In the memoir, Barry recounts one of his drug encounters in memorable fashion. He was at a house party when a good-looking woman came out of the bathroom and told him about the cocaine she was doing. “You want some?” she apparently asked him. “This makes my pussy hot.”
And because he was a grown-up male in a position of power, he walked away.
Just kidding.
Barry says he wanted to know how “it would make me feel” and so thought “What the hell? Why not?” But when he tried to snort the cocaine off a business card, he blew the wrong way and knocked the powder off the card. Barry tried again, and shares the experience with no detail left out. It “went straight to my penis,” he writes, and then he had sex with the woman.
White people were out to get him.
One of the major sources of Barry’s power over the decades was playing off of simmering racial resentment in a majority-black city that had long been controlled by white people. According to Barry, the changes he brought about as mayor are the reasons for his downfall.
Barry claims the FBI went after him at the Vista Hotel because powerful white people did not like him “creating all these opportunities for black folks.” Even more incendiary, Barry asserts the FBI was actually trying to kill him.
Also, if you’re white, put down the book.

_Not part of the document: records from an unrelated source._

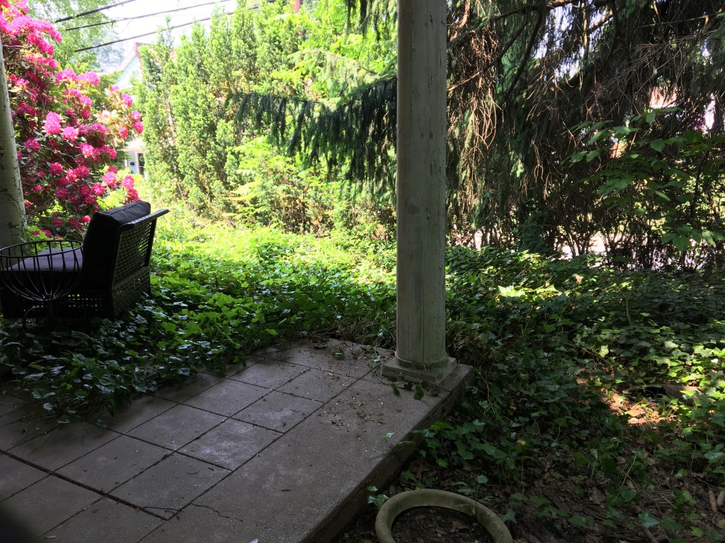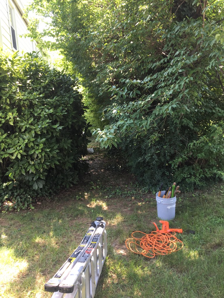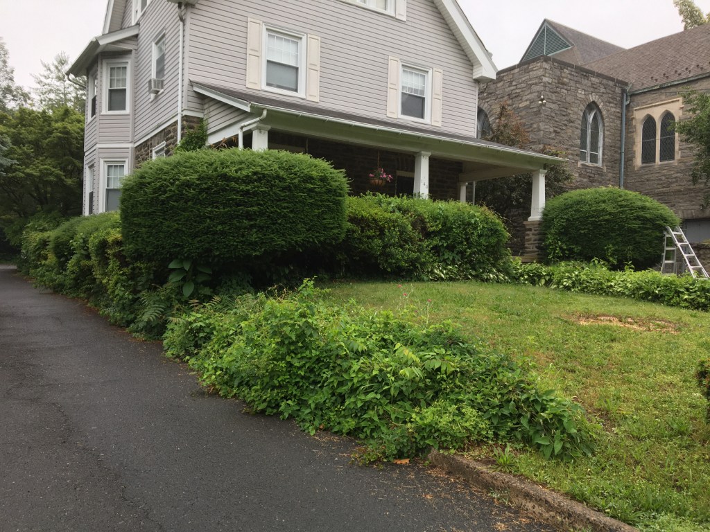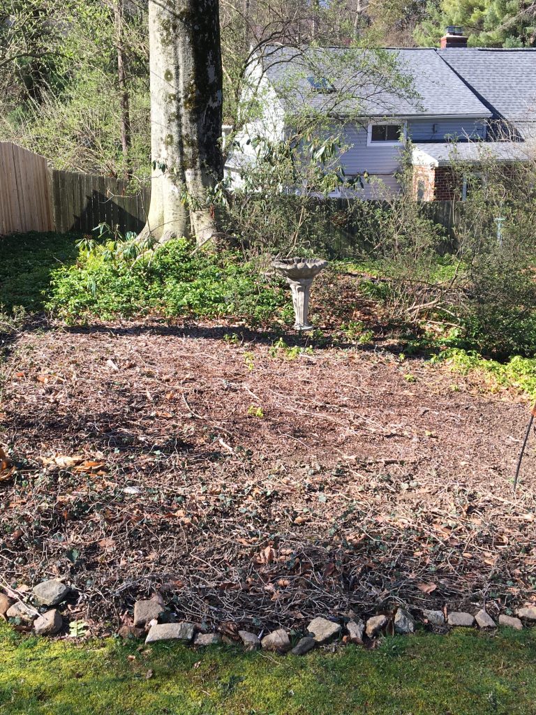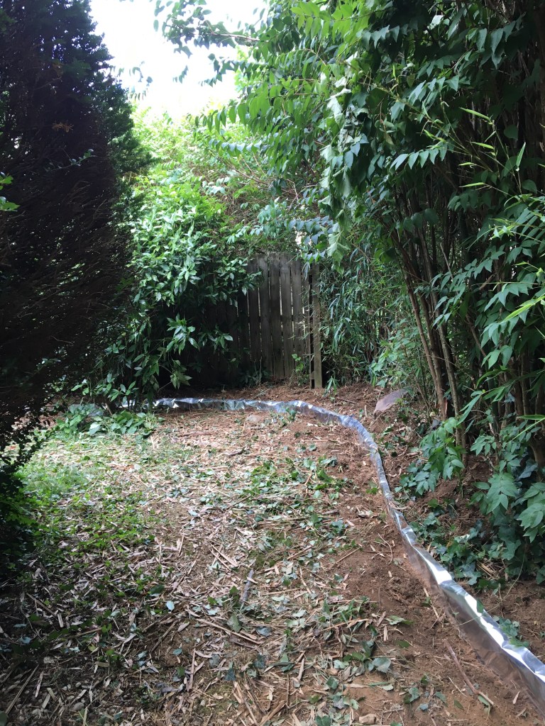 Removed ivy, wineberry and porcelainberry before Pruned Aucuba, mock orange, honeysuckle and privet before Removed oriental bittersweet from Siberian elm before Removed some bamboo and installed barrier per client’s request (Aluminum is visible because border slopes up from path) before Removed Canadian thistle before Removed side limb from arborvitae. No one died before
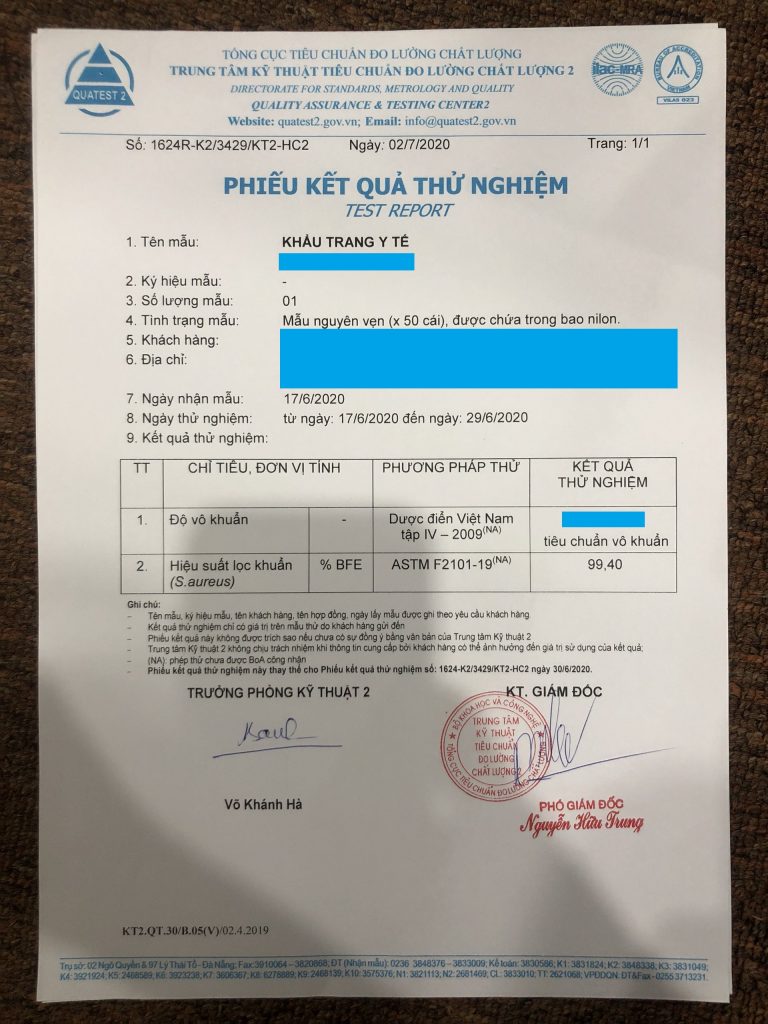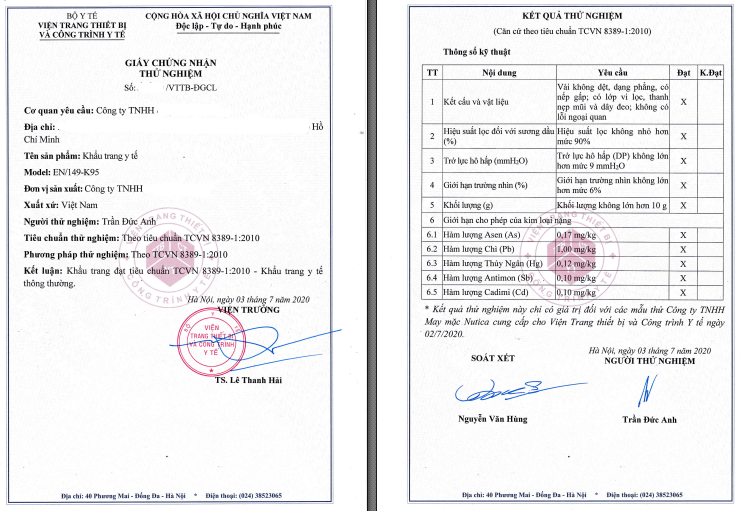 Cuối cùng, nếu doanh nghiệp kê khai khẩu trang N95 có chức năng kháng khuẩn cần kiểm nghiệm thêm Khả năng bảo vệ chống nhiễm khuẩn và Độ vô khuẩn theo TCVN 8389 – 2
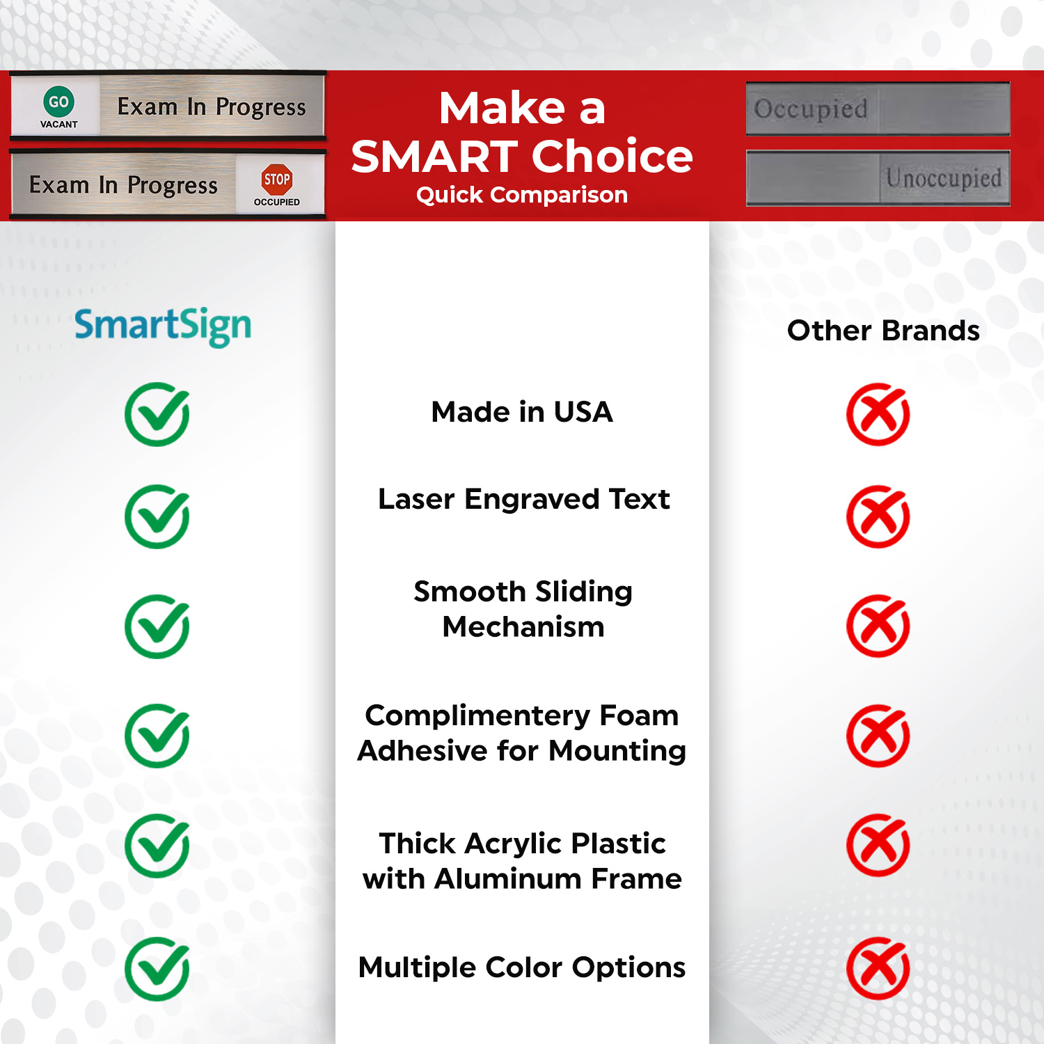 Easy slider signs show if the exam room is free or occupied. Avoid embarrassment! High bond adhesive backing is included with your order.
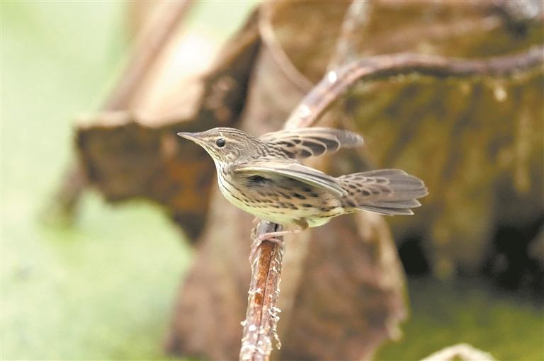此外,近期观鸟爱好者磨牙在九十九溪霞梧村一处荷塘发现新鸟种——矛斑蝗莺。调查员郑榕凯、陈文森随后前往九十九溪区域进行调查,确认有两只矛斑蝗莺,为我市第375种鸟类。调查员龚哲辉在泉州湾区域桃花山进行日常巡护监测时,偶然发现一只小鸟。后经泉州市观鸟学会确认此鸟为方尾鹟,正式录入“泉州市鸟类名录”,为第376种鸟类。
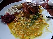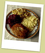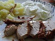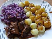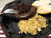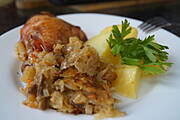 U nas karkówka w sosie, modra kapusta i ziemniaki - wciąż jeszcze skrobane.
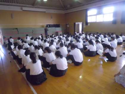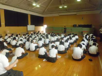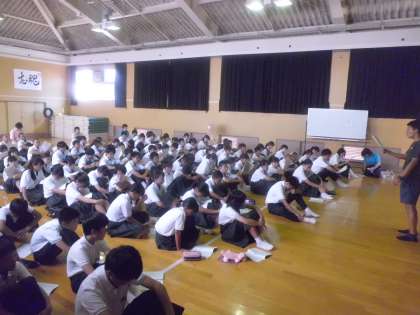明日からの職場体験学習に向けて、武道場で事前指導を行いました。
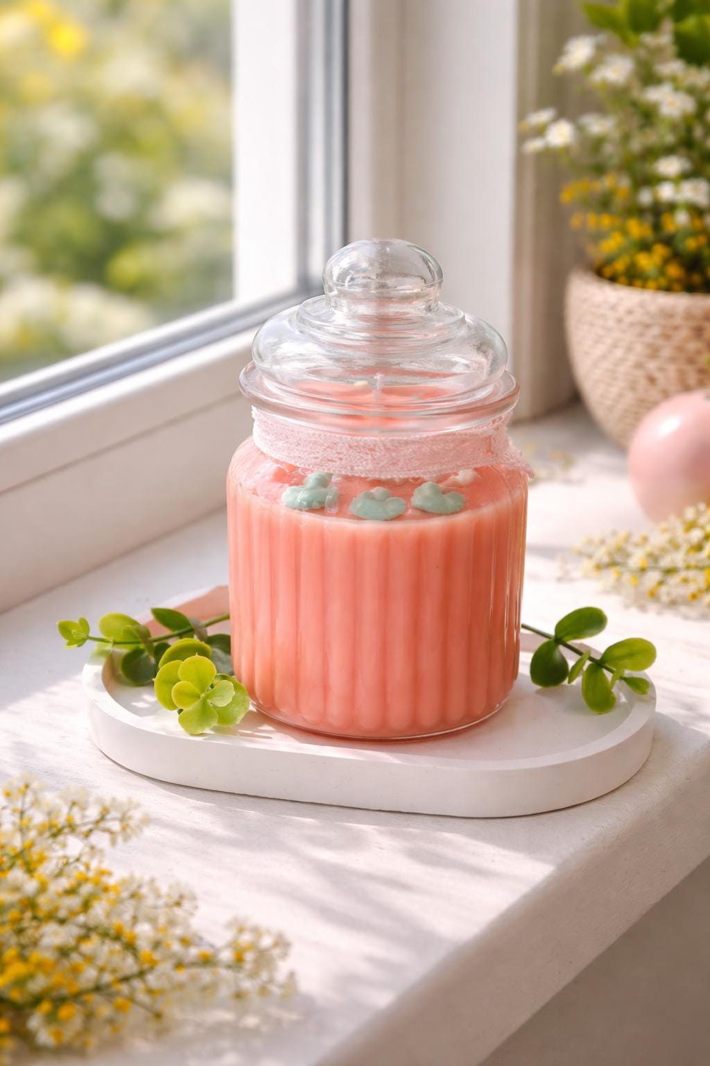 Diese wunderschöne Duftkerze vereint stilvolles Design in einem geriffelten Glas mit Deckel mit einem fruchtig-frischen Dufterlebnis.
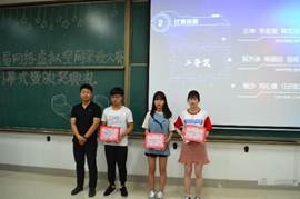 大会在激昂的国歌中拉开帷幕,首先由科技部部长易成宣布本次比赛的优秀裁判员奖和参赛队员获奖名单,其中,获得优秀奖的团队19个,三等奖6个,二等奖3个,一等奖1个。随后,由杨晓寒为优秀裁判颁奖,由廖怡岚、朱海琦、张雨明分别为荣获一等奖、二等奖、三等奖的选手颁奖,同学们用热烈的掌声为获奖团队表示热烈的祝贺。
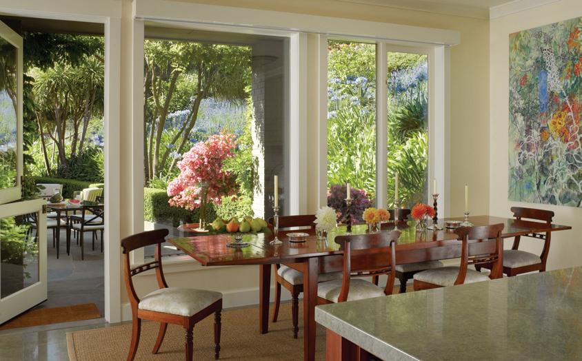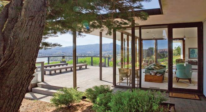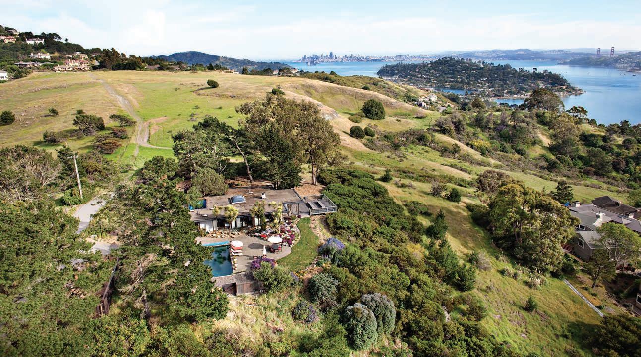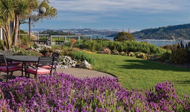 This stunning approximately 5200 square foot four bedroom, three full and two half bath house has panoramic San Francisco Bay views. The landscaping on the one acre oak-fi lled site is a labor of love with lavender fi elds, rose and dahlia gardens, dramatic hedges, a splash pool and a fabulous view site for a guest cottage. Owner supervised construction ensured the highest standards, combining modern amenities with traditional design elements. Just two minutes to Marin’s fi nest independent schools and twelve minutes to the Golden Gate Bridge.

Perhaps aware that his book may make white readers uncomfortable, Barry makes it clear his response to that potential question. “Well, let me tell you,” he writes, “I’m black and my life has been about uplifting black folks.” He then goes on to say, sure, there’s a spot for white people in his fight, but the books have left out black people, so he’s making amends.
His relationship with ex-wife Effi Barry is squirm-inducing.
Effi Barry, the former first lady of Washington and Barry’s former wife who stood by him during the scandal, is described in two different ways. First, when it came to Barry’s roving eye and his drinking, “Effi would ignore it all and never let it bother her. She wasn’t a jealous woman.”
Then there is the Effie who emptied one of their bank accounts because she “liked to shop and look nice.”
About those womanizing charges, they’re untrue, except, not really.
Barry described the reports of him having affairs as “unfounded” and “crazy.” To Barry, they were attempts to smear a black mayor.
Except, pages later, he defends those unfounded accusations by saying men have “need of companionship” and that he did in fact get involved with women. His actions with women led him to write the bizarre line that “I have to forgive myself, even in my older age, from being a normal man with feelings for a woman.”
Also contradicting his claims about not womanizing, is that his very reason for doing crack with Rasheeda Moore the night of his arrest was that he thought she would have sex with him if he did it with her.
He takes shots at his successors.
Unsurprisingly, the mayors who have come after Barry don’t quite live up to his legacy. Vincent Gray, the current mayor Barry supported, has messed up worse than anybody Barry has ever seen, which, of course, “could have been avoided had Mayor Gray “consulted with other mayors and me.”
As for Adrian Fenty, who Barry once supported and then turned on, he was “arrogant,” a “disappointment,” and guilty of cronyism.
Sharon Pratt Kelly, the woman who won after Barry’s conviction, left the District in dire financial straits. Barry also blames her for losing the Redskins’ stadium.